When, in the Spring of 1919, Messrs Collins returned me my old revise for a last glance ere it finally went to press, I gazed in consternation at the pages which had seemed so reasonable five years ago. Five years? Let us say ten years! ‘Les années de campagne comptent double.’ It was like opening an old bundle of photographs after a great lapse of time—the same mixture of melancholy, and a sort of sad amusement. Look at this absurd youth! Who could have supposed that he would become so famous? And that brilliant creature, dead now, and already half-forgotten. So-and-so, at least, has developed along the lines that we laid down and has turned out just the successful and useful servant of civilisation that we imagined.

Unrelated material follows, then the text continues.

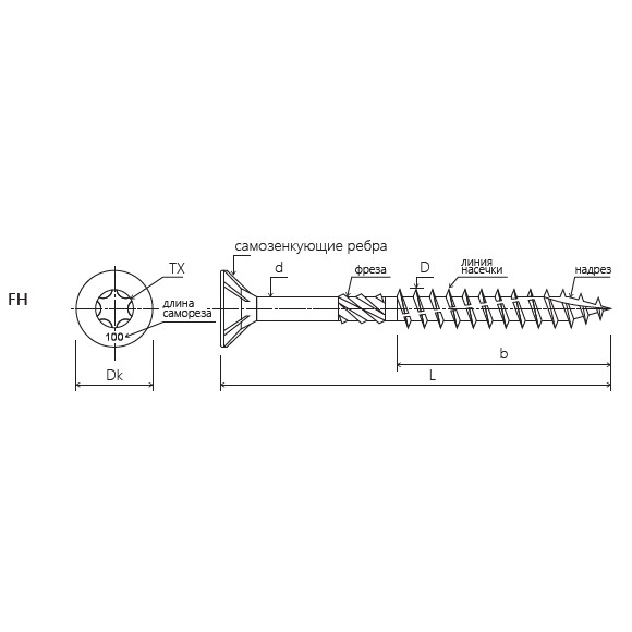 Самонарезающий конец с особой геометрией с эффектом «буравчика», обеспечивает быстрое и легкое первоначальное вкручивание.
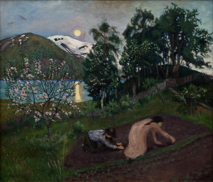 Det første verket vi møter er maleriet «Natt». I et lite format skildres en hvit villa med hage og trær i natteskumring; Astrups barndomshjem. Barndomshjemmet gjorde «uutslettelig inntrykk», kan vi lese, men monteringen minner om et kronologisk grep som føyer seg inn i nevnte stensilestetikk. Astrup var unektelig en hjemmekjær mann og skildrer sitt nærmiljø repetitivt i alle mulige variasjoner gjennom hele sitt kunstnerskap. Som åttebarnsfar (!) nedlesset av gårdsarbeidets uendelighet og med svært presset økonomi, er det allikevel ikke umulig å tenke seg at det ikke bare var inspiratoriske faktorer som bandt ham motivmessig til sitt nærmiljø.

In our case, So-and-so is Barrès. He has become all that we thought he might become. Public life and the patriotic duty have absorbed him more and more; he has been to the France of 1914-19 something of that which Lamartine was in 1848. He, more than any, has preached the need of union—‘L’Union sacrée,’ bringing into public affairs a largeness of outlook and sweetness of temper rare in politics,—especially in France. Few of these eloquent pages which day by day he has contributed to the Echo de Paris will remain as works of literature, but, piled up, no longer read, in their accumulation they form a pedestal which certainly heightens the moral importance of the man. Here at least we have the satisfaction of finding our analysis exact. More and more, in these days of storm and stress, Barrès has ‘felt the need of merging himself in something larger and more durable than any individual existence’; ‘no longer the singular, the extraordinary attracts him;’ he finds something pleasant and satisfying in the alliance of courage and the spirit of adventure, ‘with a certain soldierly mediocrity of mind’—and all the more when their conjunction ‘promises the conquest of Alsace-Lorraine.’ Above all, he has given himself heart and soul to ‘the creation of a truly National Party, capable of bringing out of chaos a new organic order.’ Shall we not say of him that, like his heroine, Colette, ‘Il se sent chargé d’une grande dignité, soulevé vers quelquechose de plus vaste, de plus haut, et de plus constant que sa personne’?